Vous êtes députée des Yvelines. Si on prend les communes les plus peuplées, les plus populaires de votre département, je pense aux Mureaux, par exemple, à Trappes, à Poissy. Vous avez constaté, effectivement, ces contrôles au faciès de la police ? Moi, je ne peux pas les constater, parce que je ne suis pas présente au moment où les contrôles sont effectués. Vous n'avez jamais assisté à des contrôles ? Non, je n'ai pas assisté à des contrôles. Mais je pense qu'il y a beaucoup de citoyens qui n'ont pas eu à assister à des contrôles et qui n'ont pas forcément eu la capacité à dénoncer si certains contrôles étaient dévoyés.
Il y en a beaucoup qui ont été contrôlés, par contre.
Oui, mais c'est une question qui se pose de manière régulière. Est-ce qu'il faut donner un récipicé au moment des contrôles qui sont organisés, de manière à éviter que la même personne puisse être contrôlée plusieurs fois dans la journée par différentes forces de l'ordre qui viendraient faire leur travail aussi, pour vérifier tout simplement qu'il n'y a pas de risque dans tel ou tel quartier ? Donc, ce sont des questions récurrentes dont il faut qu'on arrive à sortir, parce que ce sont des questions qui, en permanence, rajoutent de la défiance. Or, dans ces quartiers, ce sont les quartiers, justement, où vous avez le plus besoin d'une présence qui permette de protéger la population.

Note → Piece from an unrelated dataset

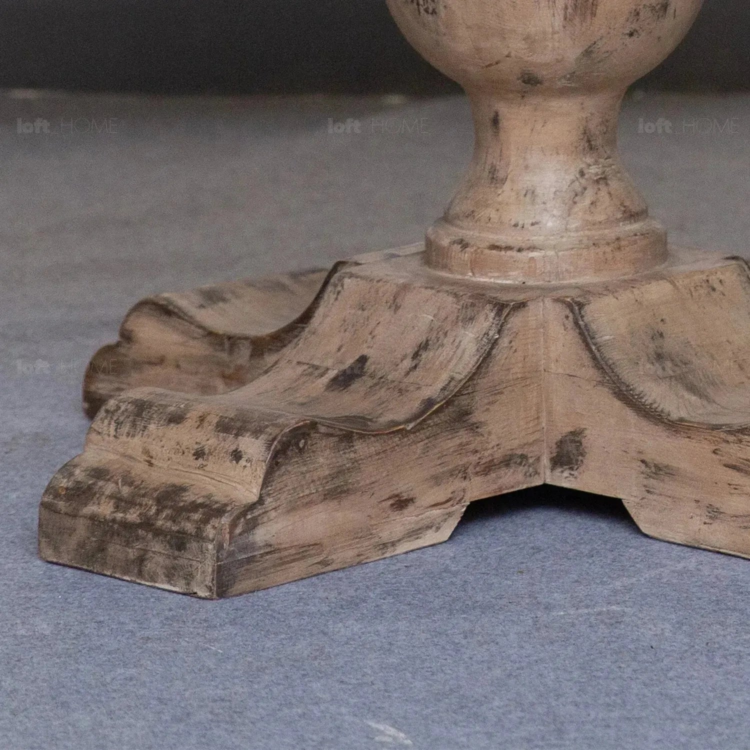 Rustic Pine Wood Round Dining Table WILLOW featuring a thick, robust structure with a vintage classic design, this table offers an elegant round shape with intricate detailing. Its versatile decor compatibility makes it a timeless addition to any dining space.

Dans l'immédiat, les deux principaux syndicats de police, Allianz et SGP Police, disent, dans ces conditions, on va arrêter les contrôles. Ça ne se passera pas comme ça, a prévenu SGP Police après les propos du président de la République. Vous trouvez que les syndicats de police font de la surenchère maintenant ? Non, je ne pense pas qu'il y ait de la surenchère de leur part. Je pense qu'il y a une défiance qui est en train, malheureusement, de s'installer, qu'il y a une défiance à la fois de la population vis-à-vis... Vous ne recrêtez pas les propos du président de la République ?
Non, mais ce que je dis juste, c'est qu'on a besoin d'avoir des forces de l'ordre et que nos forces de l'ordre sont républicaines dans notre pays. Et qu'encore une fois, les images qu'on a vues hier, c'est d'abord aussi des forces de l'ordre qui se sont fait caillasser, qui ont reçu des projectiles, qui se sont fait harceler, qui se sont fait menacer. Si on n'est pas capable de dénoncer les deux, de dénoncer parfois le risque de dérive individuelle et de dénoncer aussi ce que subissent nos forces de l'ordre, alors on va avoir une défiance qui va de plus en plus s'organiser et qui sera irréconciliable.
Aurore Berger avec nous jusqu'à 9h sur France Info. On retrouve à 8h41 le Fil Info avec Diane Ferschit.
Plus de 52 000 manifestants, 5 000 à Paris selon le ministère de l'Intérieur contre la loi sécurité globale. Une mobilisation en forte baisse par rapport à la semaine dernière dans la capitale. 42 personnes ont été interpellées après une série d'actes de vandalisme. En marge du cortège, plusieurs voitures incendiées, des vitrines brisées. Les stations de ski vont pouvoir ouvrir leur remontée mécanique, mais uniquement pour un certain public. Elles seront réservées aux mineurs licenciés à la Fédération française de ski, aux sportifs de haut niveau ainsi qu'aux professionnels du secteur. Le décret est paru hier au journal officiel.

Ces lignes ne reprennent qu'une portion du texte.